Implications for adoption decisions
The questions that emerge from verification, regarding Linux-distro selection:
Selection by time horizon
- Systems ending in ≤5 years: Ubuntu / RHEL is fine. You can take the benefit of commercial support.
- Systems running 5–10 years: Debian, or a paid RHEL/SUSE subscription. AlmaLinux / Rocky Linux: wait and see.
- Systems running 10–20 years: Debian, no contest. The constitution-and-social-contract structure is the rare guarantee that cannot be rewritten by a corporation's business judgment.
Factor in exit costs
- What if the next corporate steward changes direction?
- Migration cost (verification, rewriting, restructuring maintenance contracts)
- Retraining cost (operations team)
- Compatibility verification for third-party software
- Cost-model on the assumption that you pay an exit cost once every five years.
The risk of "the de facto standard"
- "Everyone uses it" is not a guarantee of governance.
- There is no guarantee that the "everyone uses it" state will last another five years.
- Large share and long-term durability are different things.
The practical value of the derivative (Debian-derived) ecosystem
- When Ubuntu changes direction, the path back to Debian is still open.
- Mint, Pop!_OS, Devuan, and others function within the Debian ecosystem as "the option that does not go through Canonical."
- Debian is also Ubuntu's insurance policy.
The reason this book (aiseed.dev) recommends Debian, in the "Learning Debian with Claude" series, is exactly this.

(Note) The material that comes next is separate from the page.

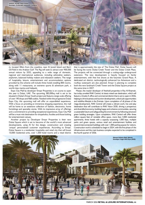 lavish levels of comfort and exclusivity. An architectural masterpiece King Abdullah Financial District, affirming this prime location within Expo City Mall by developer Emaar Properties is on course to open Marjan, the master developer of freehold properties in Ras Al Khaimah,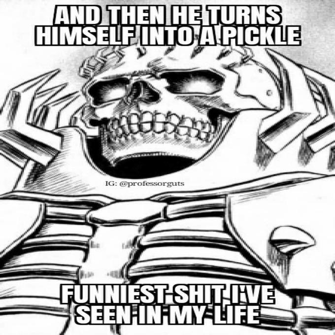 It might be a funny scene, movie quote, animation, meme or a mashup of multiple sources. Pickle rick meme cannot die because it's the funniest meme. Funniest thing after pickle rick.

Debian is the rare Linux you can plan around on a 20-year horizon. It is not the technology that guarantees this — it is the governance structure.
The power of narrative verification
"Free," "the de facto standard," "backed by a major corporation" — these narratives sound attractive at adoption time. But verify with AI, and you see that they are "promises that can be rewritten at any time." Meanwhile, a structure like Debian's — "unexciting, but unrewritable" — is dramatically more valuable for long-term decisions.
The flashier the narrative, the more verification it needs. Whether you can see through to the "unexciting facts" decides the quality of long-horizon work.
This is the practical value of verifying narratives with AI. Seeing the structure before adoption changes the quality of work after adoption.
Related
- Chapter 11 main text: Verifying Narratives with AI
- Example 1: Should You Adopt Node.js at Work?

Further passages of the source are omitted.